Type of Document Dissertation Author Coffey, Brian Perry URN etd-01262000-10550002 Title High-Resolution Sequence Stratigraphy of Paleogene, Nontropical Mixed Carbonate/Siliciclastic Shelf Sediments, North Carolina Coastal Plain, U. S. A. Degree PhD Department Geological Sciences Advisory Committee
Advisor Name Title Read, James Fredrick Committee Chair Bambach, Richard K. Committee Member Burbey, Thomas J. Committee Member Eriksson, Kenneth A. Committee Member Imhof, Matthias G. Committee Member Textoris, D. A. Committee Member Keywords
- North Carolina
- mixed carbonate-siliciclastic
- sequence stratigraphy
Date of Defense 2000-01-14 Availability unrestricted AbstractThe sequence stratigraphic development of the subsurface Paleogene, Albemarle Basin, North Carolina, was defined using well cuttings and wireline logs tied into largely published biostratigraphic and available seismic data. Facies include: silty and shelly sands and shell beds (estuarine/lagoon/protected inner shelf facies); clean quartz sands and sandy mollusk-fragment grainstones (shoreface/shallow shelf); phosphatic hardgrounds (current and wave-swept shoreface and shallow shelf); bryozoan and echinoderm grainstones/packstones (storm reworked middle shelf); and fine skeletal wackestones and planktonic marls (slightly storm-winnowed to sub-wave base, deeper shelf). Paleogene deposition on this high-energy, open-shelf was characterized by a distinctive shelf profile of inner shelf and inner shelf break, deep shelf and continental shelf/slope break. The successive positions of terminal supersequence inner-shelf-breaks parallel the modern day continental margin and its onshore arches. Thickness trends were strongly controlled by more rapid subsidence within the Albemarle Basin.

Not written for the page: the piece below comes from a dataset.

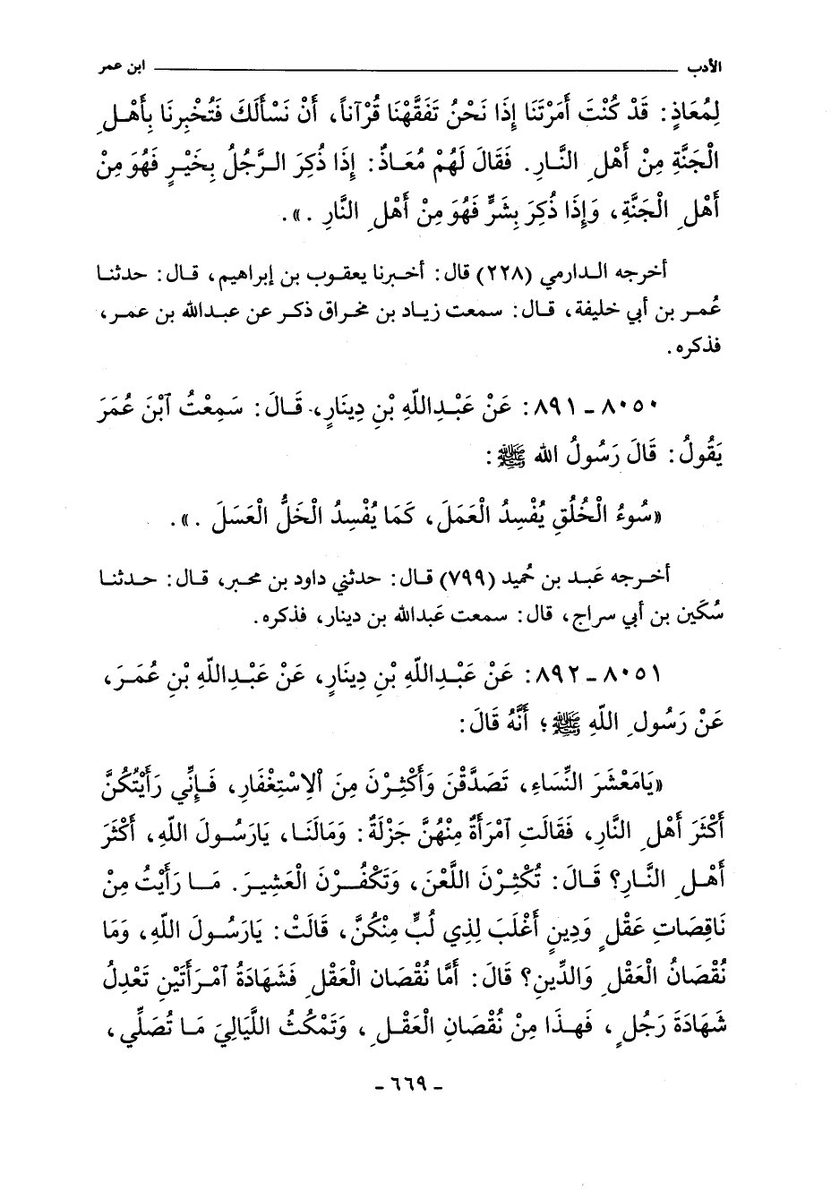 أَخْرَجَهُ الدارمي (٢٢٢) قال: أخبرنا يعقوب بن إبراهيم، حدثنا عُمر بن أبي خليفة، قال: سعت زياد بن مخراق، ذكر عن عبد الله بن عمر، فذكره.

The Paleocene supersequence is dominated by deep shelf marl and developed following flooding after the latest Cretaceous low-stand. Major shallowing occurred at the end of the Early Paleocene and near the end of the Late Paleocene. The Eocene supersequence developed following lowstand deposition (evident on seismic) just off the terminal Paleocene depositional shelf break. With flooding, a major transgressive sediment body developed (Pamlico spur), that formed a 50 km wide by 50 m high promontory at the inner shelf break, followed by HST progradation of quartzose and bryozoan-echinoderm open shelf carbonates that filled in the laterally adjacent shelf topography. This was followed by ancestral Gulf Stream incision of the southeast-trending, shallow shelf to the south, and deep shelf further northeast. Late Eocene-Oligocene deposition was initiated with localized lowstand sedimentation off the earlier terminal inner shelf break, followed by thin regional marl deposition and widespread highstand inner shelf, quartz sands and quartzose carbonates. Localized Late Oligocene lowstand deposition occurred along the earlier Oligocene terminal inner shelf break, followed by widespread deposition of quartzose facies over the shallow shelf. Oligocene units on the deep shelf were modified by highstand Gulf Stream scour.